Burundi’s veteran ruling party won every seat in last week’s parliamentary elections, the electoral commission said Wednesday, in a vote critics and observers say was tainted by irregularities.

“Nationally, the CNDD-FDD came first with 96.51 percent of the vote,” election commission chief Prosper Ntahorwamiye said in a live televised ceremony.

None of the other parties obtained two percent of the votes – the constitutional threshold to sit in the National Assembly – “so all 100 seats go to the CNDD-FDD”, he added.

The final results of last Thursday’s poll are due to be announced by the Constitutional Council on June 20.

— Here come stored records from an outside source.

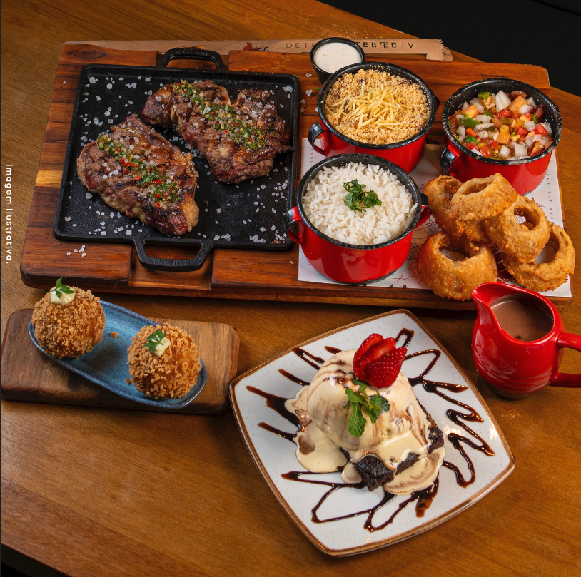 Pedido em 3 tempos, do começo ao doce final! Entrada: Motown Salad ou Bolinho de costela. Prato Principal: à escolha. Sobremesa: Banoffee, brownie ou pudim.
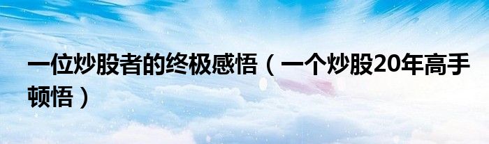 一位炒股者的终极感悟(一个炒股20年高手顿悟)
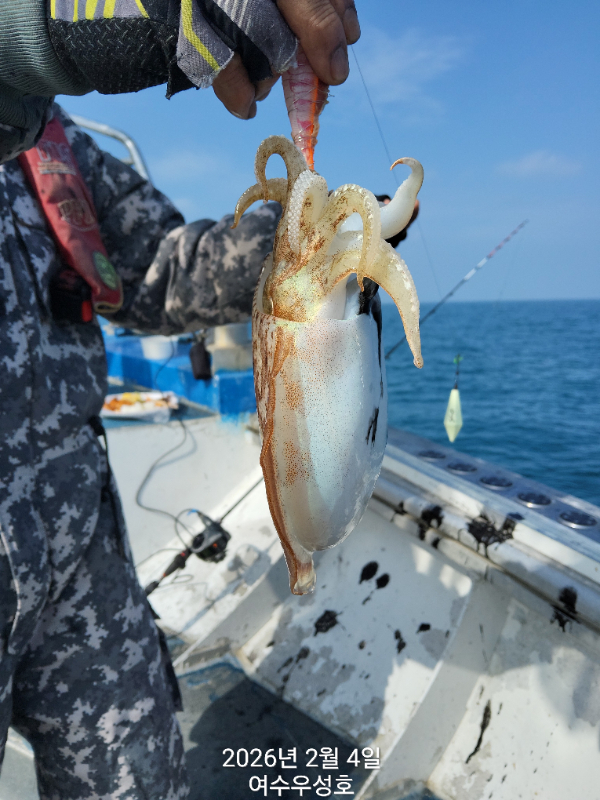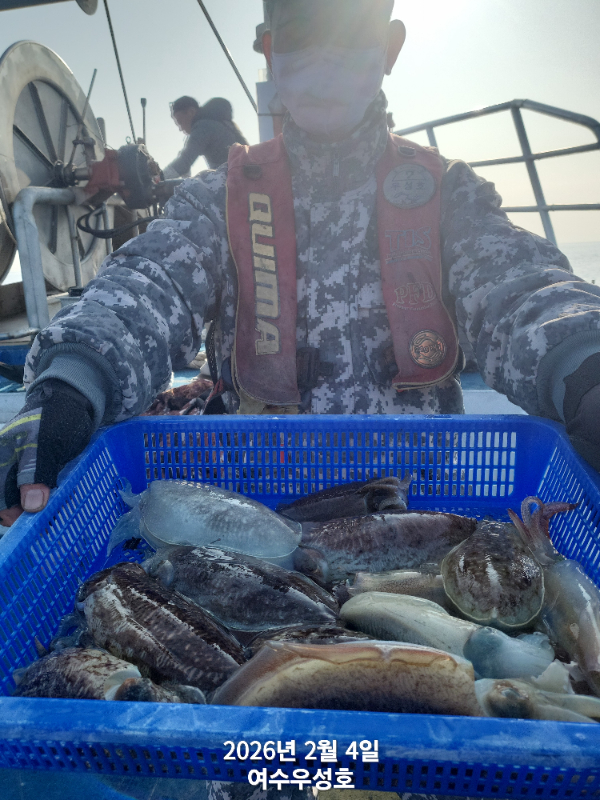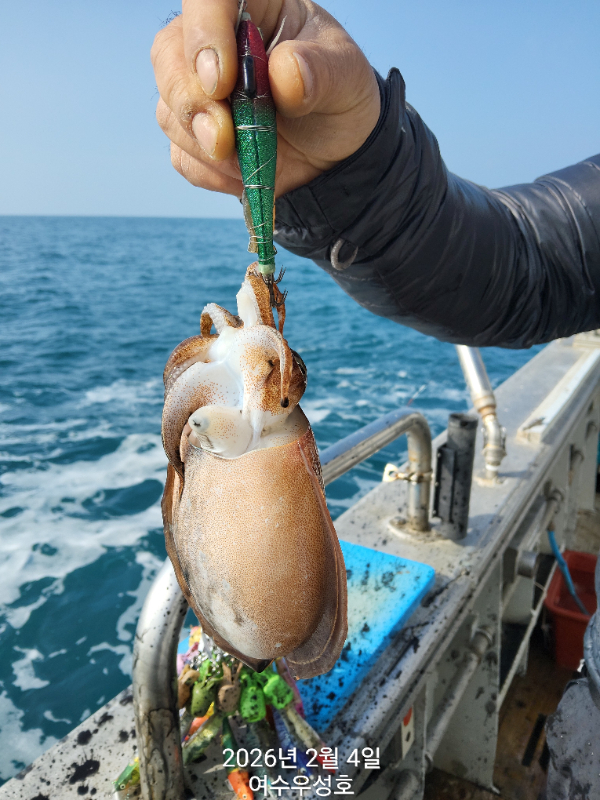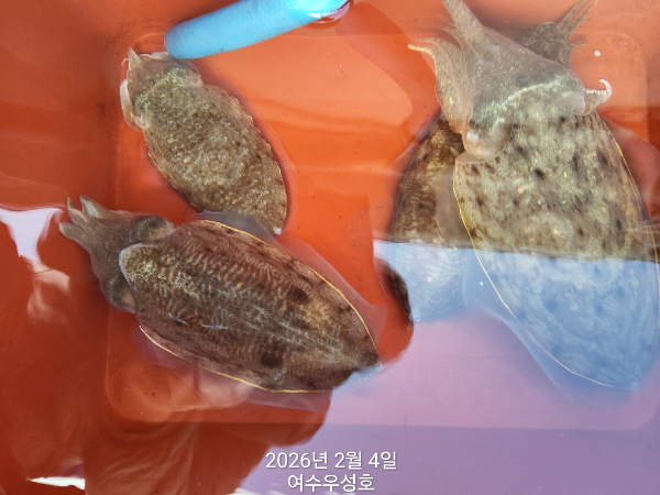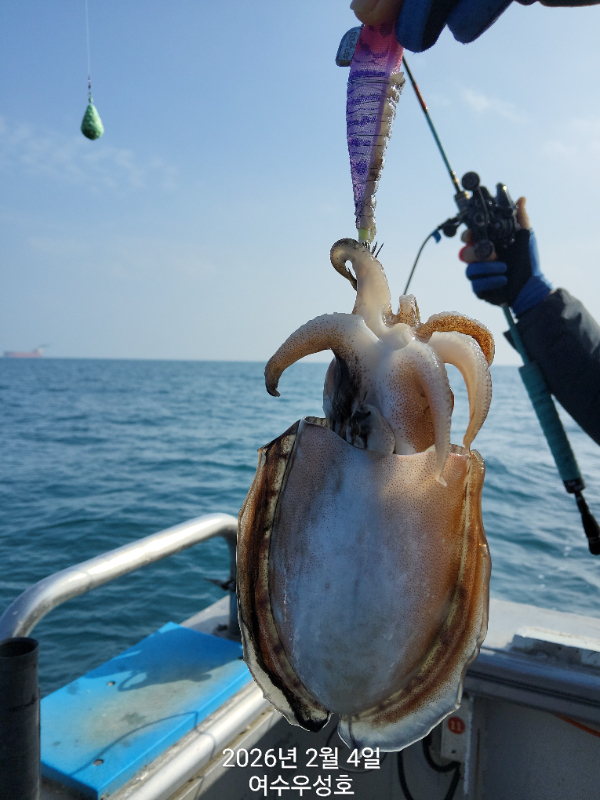 안녕하십니까 여수우성호입니다 2월4일입항 갑오징어 조황소식 입니다 (인원관계없이 정상출조합니다) 10명 소수인원 출조하여 아침부터 철수때까지 꾸준하게 나오고. 입질이 예민하여 올라오다가 떨어지면서 개인간 조과차이가 조금 나네요. 최고11수 싸이즈대박 입니다 오늘출조하신 조사님 감사하고요 수고많으셨습니다 2월5일내일 탐사출조 선비10만원 모집합니다.현재14자리여유 있습니다 5일내일은 신발짝만한 갑오징어 마리수 조황이 기대됩니다 빨리들오셔서 찐한손맛을 느껴보시기 바랍니다 ♡2월 참돔타이.열기.갑오징어 출조합니다 예약받습니다 *참돔타이낚시(17석) *갑오징어낚시(20석) *낮열기낚시(20석) ♡출조시간 새벽03시30분까지 오시고 04시출항
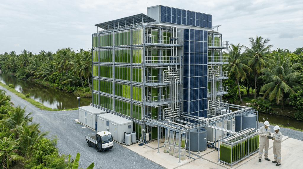 28 Jan 2026: Vertical farm (patent-pending) meets power plant vision – Checking in to the algae-solar tower where the windows EAT CO₂ and the walls PRINT electricity. Liquid sunlight, Solar skin, Biofuel, food, oxygen – all in one tower.
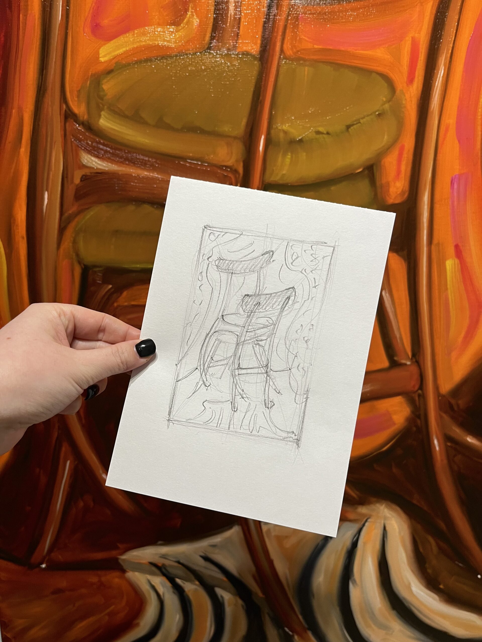 „HAŁASY” | „NOISES” „NOISES” | „HAŁASY” OIL | LINEN CANVAS 140 X 81 AVAILABLE FOR SALE CHAIR INSPIRATION – „HAŁAS” 200-190 DESIGNED BY Rajmund Teofil Hałas.
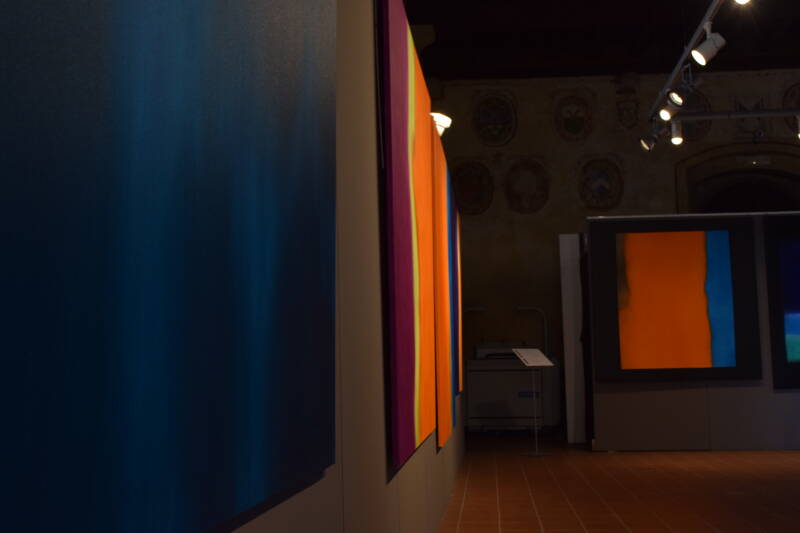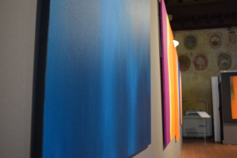 Through a considered exploration of color, applied with patient craftsmanship, the exhibited works seek to generate a creative dialogue between the artist and the audience: the choice of colors, their dynamics of encounter and interaction, the forms that they spontaneously bring to life, are therefore aimed not at affirming some subjective perspective of the artist, but at generating a dialogue arising from the surprising harmonies that colors create as they meet.
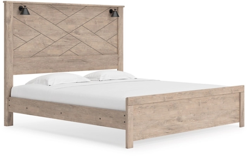 Frais, net et moderne. La finition naturelle claire de ce grand lit à panneaux donne le ton à votre sanctuaire apaisant. Des appliques noires mates et un motif abstrait sur la tête de lit apportent un regard neuf au profil tout simplement superbe du lit.Read More

Members of the National Congress for Liberty (CNL), the main opposition party which was barred from the vote, alleged multiple and forced voting, as well as “banned access” and the “arbitrary imprisonment” of its observers.

Anicet Niyonkuru, a legislative candidate and leader of the smaller opposition Council of Patriots party, told AFP that voters put pre-filled ballots in the ballot box, calling it “a major fraud that was seen everywhere”.

Olivier Nkurunziza, the leader of the Uprona opposition party which received just 1.38 percent of the vote, said the elections were “rigged”.

The Uprona party “denounces rigged elections”, Nkurunziza told AFP adding: “We have killed democracy.”

He said the CNDD-FDD had won 100 percent of the vote in some districts, with no invalid ballots, abstentions or absentees, despite Uprona fielding at least 50 candidates in each area.

Journalists and voters who asked to remain anonymous for security reasons also told AFP of significant irregularities.